Harry was still smiling. “Come on, Jack,” he said suddenly. “We’ve got things to do and things to see. We didn’t mean to bother you, or upset any of your timing or plans.”

“Oh, you didn’t bother us,” Hill smiled. “It was good to see you.”

He did not offer to shake hands now, and neither did Harry. Hill turned away and with his arm still around his little half-American girl led his group off down the hollering, reverberating corridor.

“Dumbass kids,” Harry said, as we started off the other way. “They’re monkeying around with dynamite. It’s one thing to close down a couple of universities. Nobody really gives much of a damn, and nothing much is really hurt. But it’s an entirely different thing to close down all the major industries of France. That’s something else again. They do that and they’re going to find their heads in a noose.”

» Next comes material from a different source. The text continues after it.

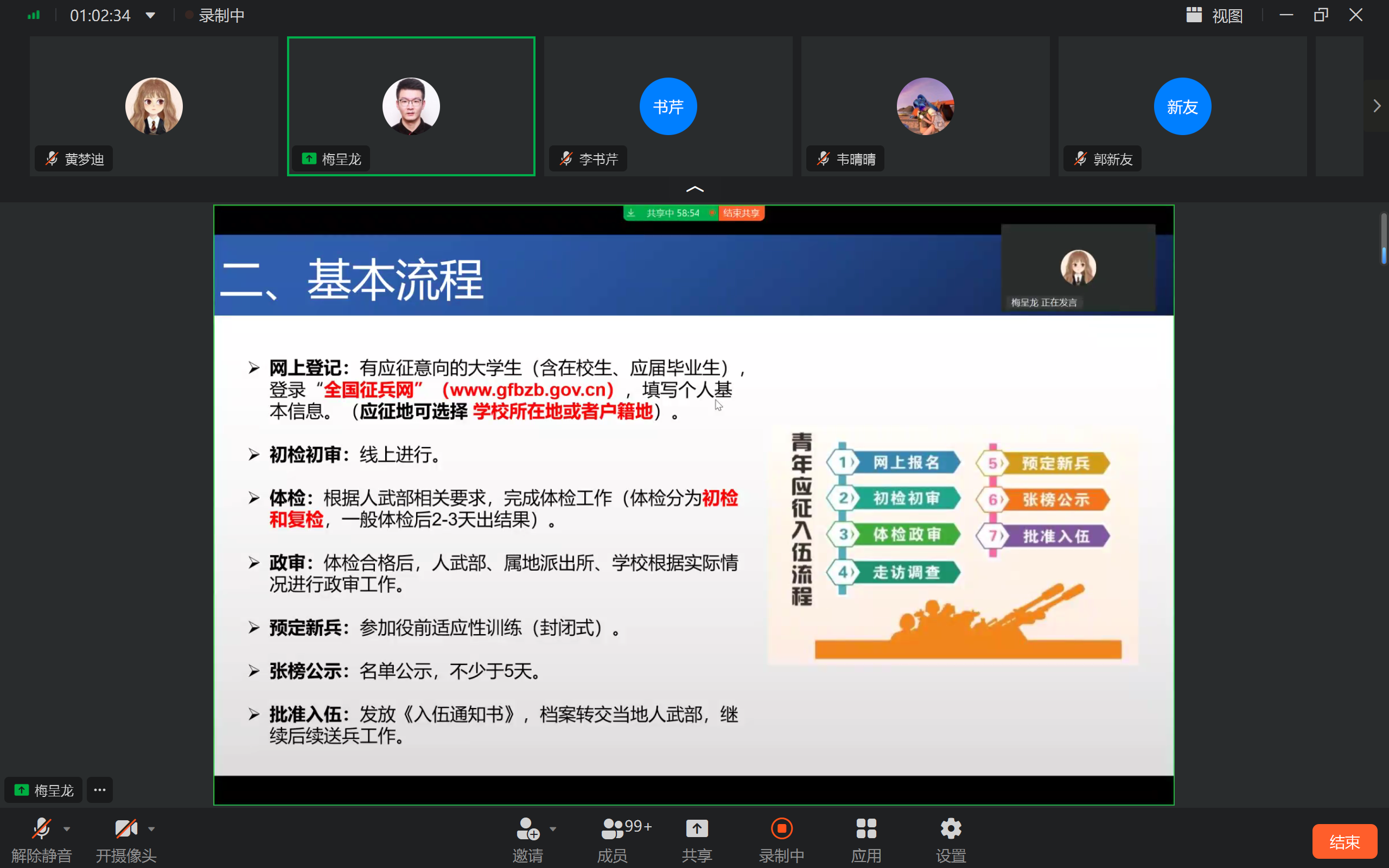 梅呈龙老师就毕业生征兵入伍相关政策进行了宣讲,重点为毕业生们讲解了目前国家在入伍老员工考研、就业、学费减免方面的支持政策,鼓励有志于参军入伍的老员工积极踊跃报名,抓住人生中的重要机会,圆一个军人梦。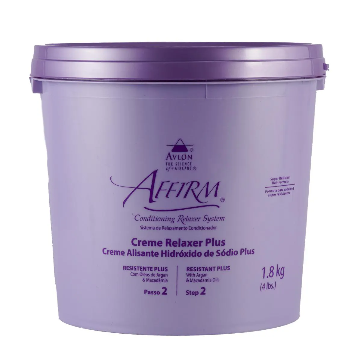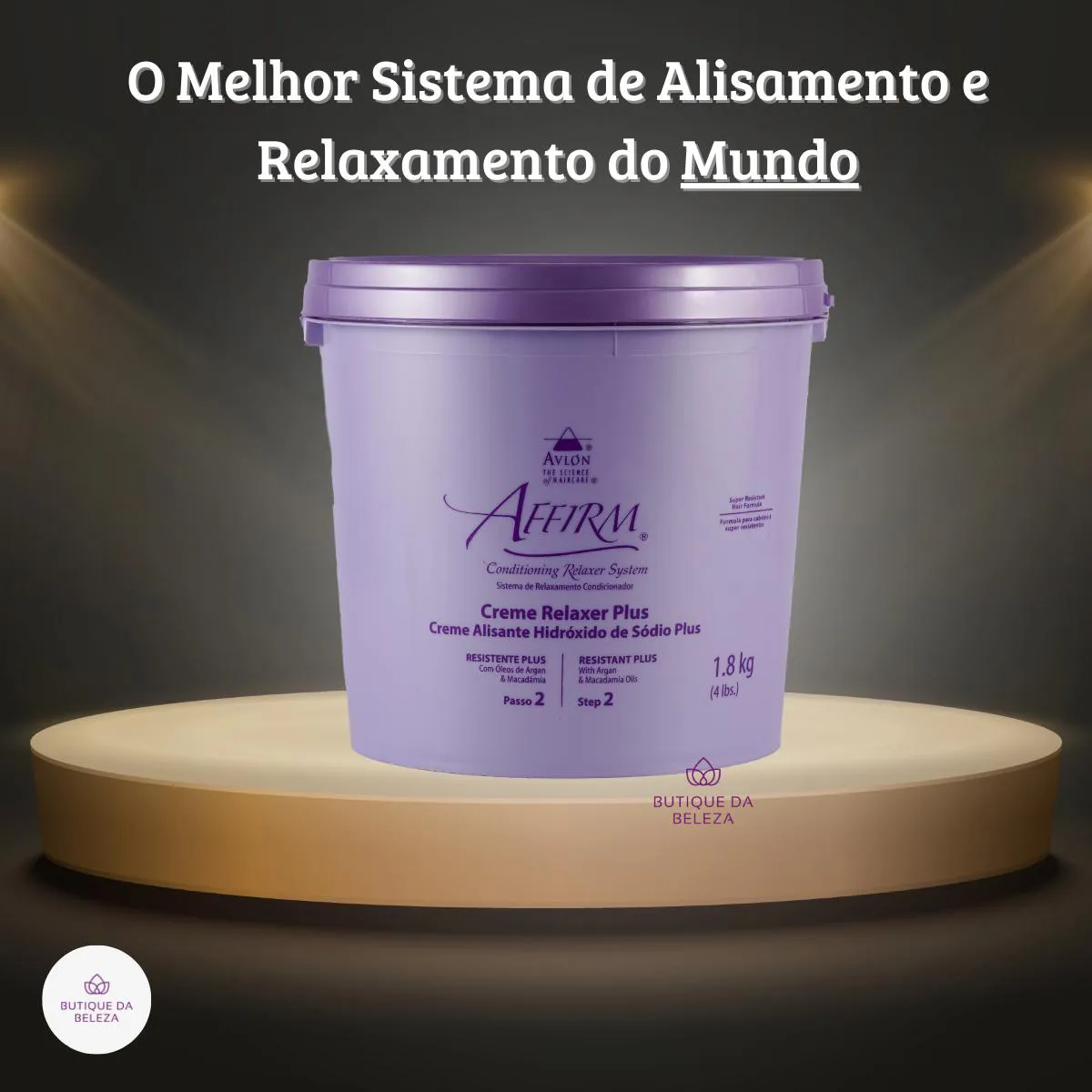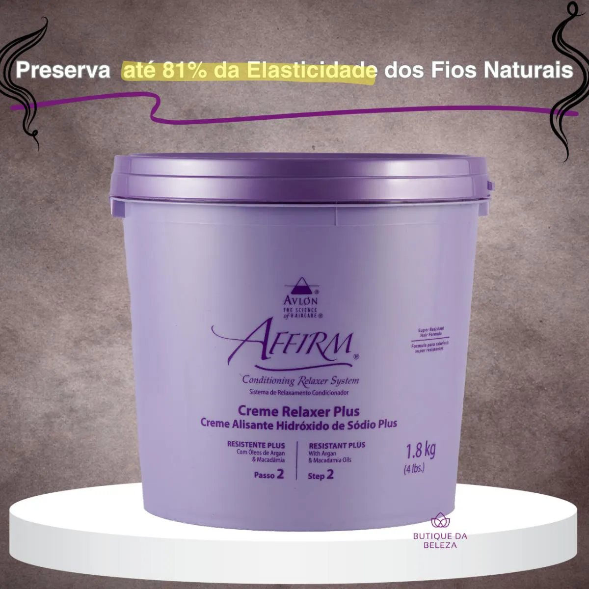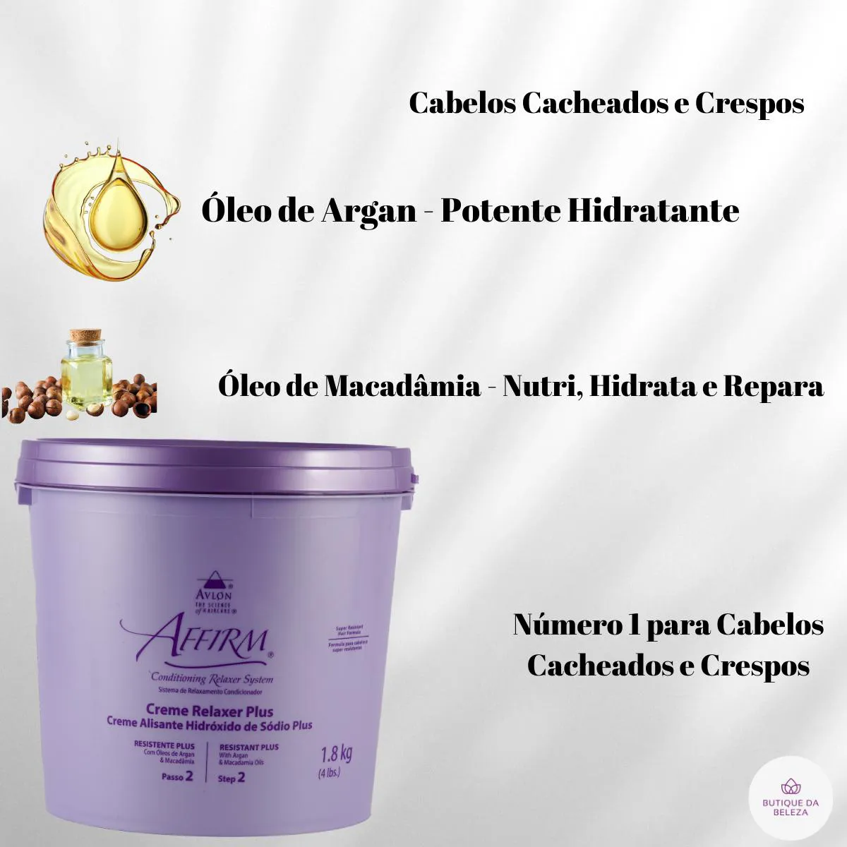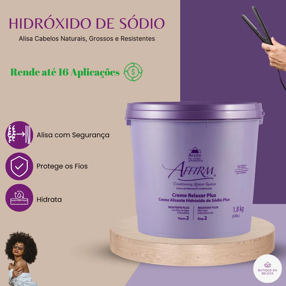 SERVIR E AJUDAR SÃO NOSSOS DEVERES HIDRÓXIDO DE SÓDIO AVLON AFFIRM RESISTANT PLUS Reconhecido mundialmente, a Avlon Affirm é o sistema de alisamento e relaxamento mais avançado, o Hidróxido de Sódio Affirm oferece resultados incomparáveis para cabelos cacheados e crespos (tipos 3 e 4). Desenvolvido com a expertise líder em cuidados capilares, sua fórmula combina alta tecnologia com ativos nutritivos como óleo de argan e macadâmia, garantindo alisamento duradouro e preservação de até 81% da elasticidade natural dos fios, um feito exclusivo no mercado de relaxamento capilar. Portanto, se você busca um relaxamento e, ou alisamento eficaz para cabelos cacheados e crespos (tipos 3 e 4),a Linha Avlon Affirm é a solução perfeita. INDICADO PARA QUAL TIPO DE cabelo Cabelos resistentes e volumosos, cacheados ou crespos, que necessitam de relaxamento ou alisamento duradouro e saudável. BENEFÍCIOS Alisamento Uniforme: Resultados duradouros e cabelos sem frizz. Preservação dos Fios: Mantém a elasticidade natural dos cabelos. Nutrição e Condicionamento: Hidrata enquanto alisa graças aos óleos essenciais. Redução de Quebras: Cabelos mais resistentes e protegidos contra danos. RESULTADOS Cabelos visivelmente mais lisos, saudáveis e maleáveis, com brilho intenso e controle de volume prolongado. MODO DE USO Aplique conforme as instruções no livreto explicativo que acompanha o produto, e respeite as etapas de aplicação e o tempo de pausa recomendado. IMPORTANTE: Sempre faça um teste de mechas antes de utilizar o produto, e ao menor sinal de reação alérgica, interrompa a aplicação imediatamente. DICA BUTIQUE DA BELEZA: Para um tratamento completo e duradouro, combine com outros produtos da linha Affirm para nutrição e manutenção pós-química. COMPOSIÇÃO (PORTUGUÊS):

We were almost at the great front door now, that opened onto the rue des Écoles and the back view of the old Musée de Cluny across the street. A sandwich, coffee and soup kitchen had been opened up by the students in the big main hall near the front door. You didn’t pay. You could contribute if you wanted.

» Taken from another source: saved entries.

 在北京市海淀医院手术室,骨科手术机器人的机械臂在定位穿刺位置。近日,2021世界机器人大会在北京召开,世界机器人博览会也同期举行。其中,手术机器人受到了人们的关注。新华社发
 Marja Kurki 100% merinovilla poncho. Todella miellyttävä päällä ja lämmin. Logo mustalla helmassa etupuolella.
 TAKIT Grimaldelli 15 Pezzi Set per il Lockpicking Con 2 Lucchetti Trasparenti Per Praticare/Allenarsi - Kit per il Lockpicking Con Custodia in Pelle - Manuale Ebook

“I think I’m going to leave you here,” Harry said suddenly as we went between the columns and down the steps. “I just remembered I’ve got a producer-director’s meeting with some guys. Over on the Right Bank.” His face suddenly looked all pinched up. “Anyway, I don’t want to see any more right now.”

“Dynamite,” he said again as he left. “Absolute dynamite.”

I walked home alone through the buzzing, swarming Quarter.

Harry certainly appeared to be right. That night M. Pompidou went on television for the second time. General de Gaulle of course was already in Rumania on his six-day state visit which he refused to cancel, had left in fact on Tuesday. He would address the nation in a few days, the Prime Minister said in his speech. We all of us watched it, the same gang of Americans, at the Gallaghers’ apartment.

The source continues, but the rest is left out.